DESCRIPTION OF SYMBOLS 10 Outer bag 10a Guideline 10b Cut 10c Thermal welding part 20 Inner bag 20a Alkaline solution 20b Thermal welding part 20c Thermal welding part 30, 31, 32 Compression sheet 30a, 31a, 32a Sheet 30b, 31b, 32b Acid component

Claims (12)

An inner bag containing an alkaline solution;
A sheet containing an acid component;
An outer bag for accommodating the inner bag and the sheet,
In the outer bag,
By breaking the inner bag, the alkaline solution and the acid component in the sheet are brought into contact with each other, and a hypochlorous acid solution is generated by a reaction between the alkaline solution and the acid component,
Impregnating the sheet with hypochlorous acid solution,
A disinfecting sheet pack characterized by that. In the sterilization sheet pack according to claim 1,
The inner bag is a structure that is broken by a pressing force from the outside.
A disinfecting sheet pack characterized by that. In the sterilization sheet pack according to claim 1,
The alkaline solution is an aqueous solution of hypochlorite,
A disinfecting sheet pack characterized by that.
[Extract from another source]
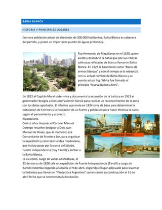 Bahía Blanca fue fundada en 1828 y se encuentra en la provincia de Buenos Aires. Algunos de los lugares principales de la ciudad incluyen el Palacio Municipal, el Teatro Municipal inaugurado en 1913, y la Biblioteca Rivadavia fundada en 1882. La Catedral Nuestra Señora de la Merced data de 1900 y se ubica en el centro histórico junto a otros edificios importantes.

In the sterilization sheet pack according to claim 3,
The acid component is an organic acid.
A disinfecting sheet pack characterized by that. In the sterilization sheet pack according to claim 4,
The organic acid is citric acid.
A disinfecting sheet pack characterized by that. In the sterilization sheet pack according to claim 1,
The sheet is a compressed sheet;
A disinfecting sheet pack characterized by that. An inner bag containing an alkaline solution;
A sheet containing an acid component;
Using a disinfecting sheet pack having the inner bag and the outer bag containing the sheet,
In the outer bag,
By breaking the inner bag, the alkaline solution and the acid component in the sheet are brought into contact with each other, and a hypochlorous acid solution is generated by a reaction between the alkaline solution and the acid component,
Impregnating the sheet with hypochlorous acid solution,
A method for producing a disinfecting sheet. In the manufacturing method of the sanitization sheet according to claim 7,
The inner bag is a structure that is broken by a pressing force from the outside.
A method for producing a disinfecting sheet. In the manufacturing method of the sanitization sheet according to claim 7,
The alkaline solution is an aqueous solution of hypochlorite,
A method for producing a disinfecting sheet. In the manufacturing method of the sanitization sheet according to claim 9,
The acid component is an organic acid.
A method for producing a disinfecting sheet. In the manufacturing method of the sanitization sheet according to claim 10,
The organic acid is citric acid.
A method for producing a disinfecting sheet. In the manufacturing method of the sanitization sheet according to claim 7,
The sheet is a compressed sheet;
A method for producing a disinfecting sheet.